Troubleshooting Tips:

Examine Execution Plans: Use your database’s query execution plan tool to identify performance bottlenecks.
Simplify the Query: Remove unnecessary columns and clauses to isolate the problem.
Test with Small Data Sets: Use a small subset of your data to test your window function logic.
Break Down the Query: Calculate intermediate results using subqueries to understand the behavior of each part of the query.

7. Database Variations

While the core syntax is generally consistent, there are some database-specific variations:

MySQL: MySQL 8.0+ fully supports window functions.

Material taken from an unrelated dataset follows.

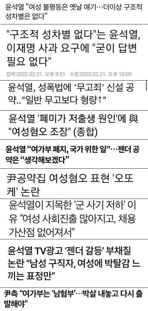 윤석열은 그와중에 여혐 부추기고 성별갈라치는거 말고는 아무것도 한게 없음ㅋ
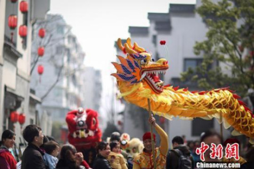 2015年農(nóng)歷二月初二,民間舞龍隊(duì)在南京城南老街舞龍。泱波 攝

Older versions have limited support.
PostgreSQL: PostgreSQL has robust window function support, including advanced features like custom window functions.
SQL Server: SQL Server supports window functions from SQL Server 2005 onwards.
Oracle: Oracle has comprehensive window function support, including analytic functions that are similar to window functions.

Specific Differences:

Syntax: Minor syntax variations may exist, such as the placement of the OVER() clause.
Function Availability: Some databases may not support all window functions.
Performance: Performance characteristics can vary significantly across databases.
Frame Specification: The syntax for specifying the window frame (using ROWS or RANGE) may differ slightly.

Always consult the documentation for your specific database version for the most accurate and up-to-date information. Pay attention to database-specific performance tuning recommendations for window functions.